White House: Just 14 Months Away from the Lowest Unemployment Rate in Recorded History!

On Friday, the White House Council of Economic Advisers (CEA) issued an analysis of what the Washington Post’s Ezra Klein described as a “horrible jobs report.” The administration’s analysis took a different view, and despite the Post’s admonition, appeared to celebrate the report’s 6.7 percent unemployment rate. The CEA analysis noted that the 6.7 percent rate is “the lowest since October 2008” and has fallen “1.2 percentage points from December 2012 to December 2013.”

This analysis is sunny to say the least. Nowhere in the report is there mention that most of the decline in the unemployment rate is due to the 347,000 workers that left the labor force in December – people who just gave up looking for a job. The analysis also fails to mention that over the December 2012-December 2013 period, the labor force lost over half a million workers. Factoring these individuals back into the equation alone would take away 0.3 percentage points in the unemployment rate ‘improvement,’ a quarter of the celebrated gains.

The result is a labor force participation rate that has been in steady decline; with the December rate matching the lowest rate since March of 1978 (October’s rate also matched this rate). But the celebratory tone of the CEA report appears blithely ignorant of this trend, and rather seems to embrace its persistence as long as the unemployment rate keeps falling. Such a trend would take the participation rate down further still, to levels not seen since the early 70’s:

The CEA’s report is divorced from reality, and suggests a type of analysis that revels in convenient math underpinned by lousy economic trends. If today’s report is so great, why not take a step further?
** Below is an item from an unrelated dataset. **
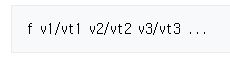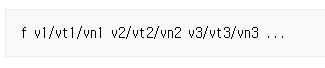 - Vi와 texture coordinate Vt, Vi와 Vt, Vn으로 표현되는 F(현재 내용에서는 다루지 않겠습니다.) "/" 한개로 표현

In fact, why isn’t the White House forecasting record low unemployment in the coming year? Indeed, extrapolating today’s jobs report would result in 2.3 percent unemployment in the month of February 2015, the lowest in recorded history (really just BLS’s dataset). Granted, an additional 8 million workers would have left the labor force, but still, 2.3 has a nice ring to it. Perhaps the White House knows better than to rely on this type of analysis, except perhaps when there’s nothing else to say.